Do Inferno Alan Moore

Do Inferno 1999
Relembrando artes do passado por Francesco Castrelly Episódio 100.
Alan Moore nunca foi um grande desenhista, fato que ele mesmo admitiu, o que acabou fazendo ele dedicar seu tempo integral aos roteiros de HQ’s ao invés de desenhos. Tais mudanças foram muito bem vindas levando em conta que ele pode se dedicar integralmente ao que fazia de melhor, e fomos apresentados ao seu talento, perfeccionista de pesquisar bastante antes de criar uma história. Por exemplo no caso de Watchmen, temos fatores tanto fictícios quanto históricos, coisas que realmente aconteceram Moore colocada fatos que “Poderiam” ter acontecido e isso acaba fazendo o leitor se deliciar com uma trama inteligente, quebrando aquela velha regra de quadrinhos é coisa de criancinha Walt Disney, que é tão famosos que o corretor do Word nem sequer corrige enquanto estou escrevendo nesse exato momento.

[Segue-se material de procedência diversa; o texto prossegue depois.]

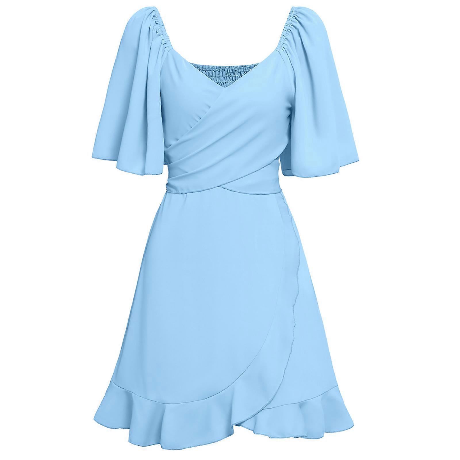 Women Summer Mini Short Dress Bohemian Casual Flowy Swing Dresses Sexy Wrap V Neck A Line Dress with Belted light blue XL
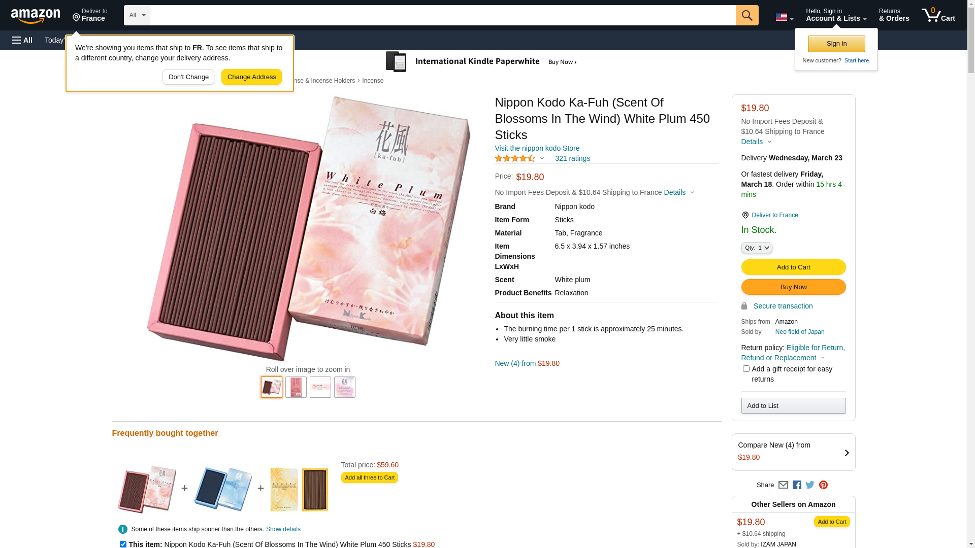 Nippon Kodo Ka-Fuh (Scent Of Blossoms In The Wind) White Plum 450 Sticks: Maxedbuy.com
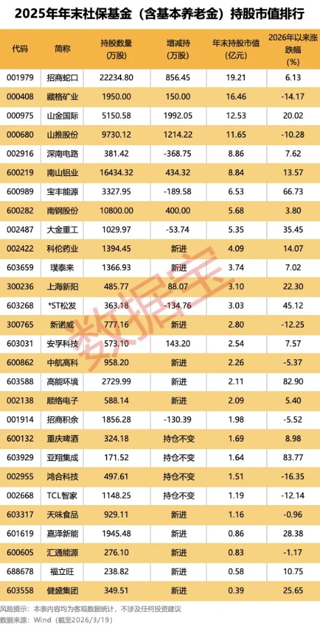 根据持股量统计,招商蛇口、南山铝业、南钢股份的社保基金持股量超过1亿股,分别为2.22亿股、1.64亿股和1.08亿股;年末持股市值超10亿元的个股有4只,分别为招商蛇口、藏格矿业、山金国际、山推股份。
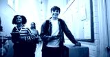 Portrait, education and people in school with technology, walking and classroom allocation in hallway. Smile, learning and students in break with phone, schedule and group for academic success.
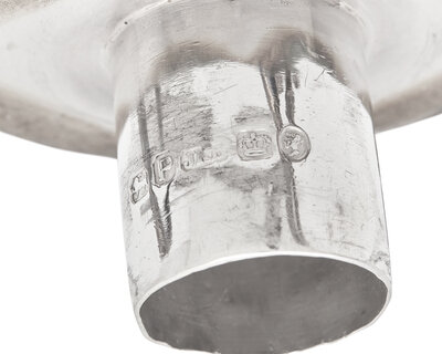 With detachable candle-arms and bobeches, each engraved with monogram, "EWR," to base, marked.
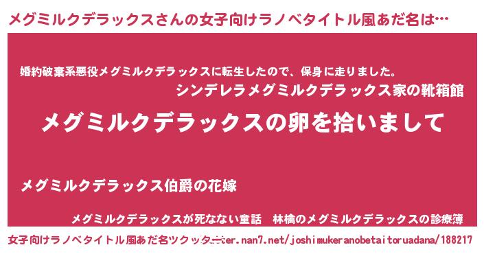 | 胡散臭い通販商品みたいなあだ名 | 『伝統あるペンダント…その名も「メグミルクデラックス」』 |
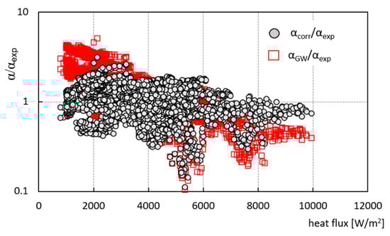 A comparison of the proposed modified heat transfer correlation, Equation (26), with predictions based on the original Gungor–Winterton correlation, Equation (19), and experimental data is presented in Figure 10. The coefficient of determination for the entire experimental data for the proposed heat transfer correlation is R2 = 0.51. The proposed correction significantly improves the prediction of the heat transfer coefficient for the lowest and highest heat flux densities.
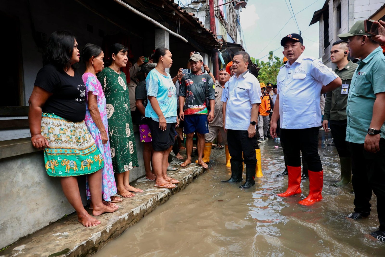 “Tetap semangat nggih. Ini saya datang bersama Pak Bupati dan Wakil Bupati untuk meninjau langsung. Semoga air segera surut,” ujar Ahmad Luthfi saat menyapa warga yang rumahnya masih tergenang.

V De Vingança também temos um enredo futurista (Para época) já que se passa em 1997, e ele o escreveu em 1990, e mistura elementos fictícios com realidades, por exemplo sabemos que de fato a fascismo nunca ocorreu em Londres, foi um enredo criado por ele, mas sabemos muito bem que a maneira como os comunistas, judeus, homossexuais, eram levados aos campos de concentração é exatamente do modo descrito no livro. As experiências, e etc... mas se eu me aprofundar estaria fazendo era uma resenha do V leia aqui. O HQ que gostaria de falar é uma de suas obras mais complexas e interessantes. Do Inferno, uma das melhores histórias que já li do mestre, e também uma das menos conhecidas, foi adaptado para o cinema com Johnny Deep, não baseado 100% no livro, mas dizem que o filme ficou bom. Ainda não posso opinar. Estou numa época que prefiro ler do que assistir filmes. Ler um livro é como montar um sanduiche e comer, ver um filme é como pegar o sanduiche pronto. Seu cérebro só trabalha de um lado, e facilita muito as coisas. Ler é sempre melhor.
O nome do HQ é do Inferno pois é o nome da suposta carta que Jack o Estripador deixou para policia, alias é a única correspondência que as pessoas possam dizer que realmente pode ter sido do assassino de Whitechapel. Primeiro vamos pensar: quem foi jack? 
Caricatura de Jack The Ripper

Foi um assassino em série que matou no mínimo cinco mulheres que ganhavam a vida como garotas de programa em meados de 1888 em Londres. Nessa época em que a mídia não era nem de longe tão moderna quanto é hoje, espremeu essa noticia como uma laranja, talvez tenha sido um dos primeiros casos constantemente em jornais e meios de comunicação igual aqui no Brasil em casos como o do menino Joaquim, ou Isabella, etc... Mas isso que estou contando é real preciso diferenciar bem o histórico da ficção, algo bastante presente aqui. Então Jack existiu, obviamente não era esse seu nome, foi um nome que a mídia deu para ele, ninguém sabe o seu nome ao certo. Também o chamavam de avental de couro, e etc... E a coisa mais engraçada disso tudo é que o crime nunca foi desvendado! Exatamente, Jack nunca foi capturado. Ninguém nunca soube quem era! Incrível não é? Até hoje dizem que não existe crime perfeito mas naquela época houve um. Mas será que tinha coisas envolvidas? Será que o governo não sabia e tentou omitir? Impossível um caso mesmo naquela época não ser solucionado e Moore prova que pensa assim.
Vamos entrar no enredo do Hq... Ele foi divido em quatro edições cada um com umas 160 páginas, se for somar tudo exatamente dá 609 páginas. Esse Hq também não é recomendado para quem não gosta de ler, pois cada página é recheada de diálogos intermináveis, que se não lidos com atenção você se perde na trama, esses diálogos preencheriam um livrão de boa. Aliás é um livro, mas com desenhos. Moore teve pareceria com o desenhista David Lloyd em V de Vingança, Dave Gibbons em Watchmen, e aqui tem com o desenhista Eddie Campbell, com um traço consideravelmente diferente do que eu estava acostumado a ver em HQs do Moore, como (A piada mortal) mas isso é um elogio, os desenhos preto e branco com traços simplórios são perfeitos para dar aquela atmosfera sombria que a história com sucesso passa.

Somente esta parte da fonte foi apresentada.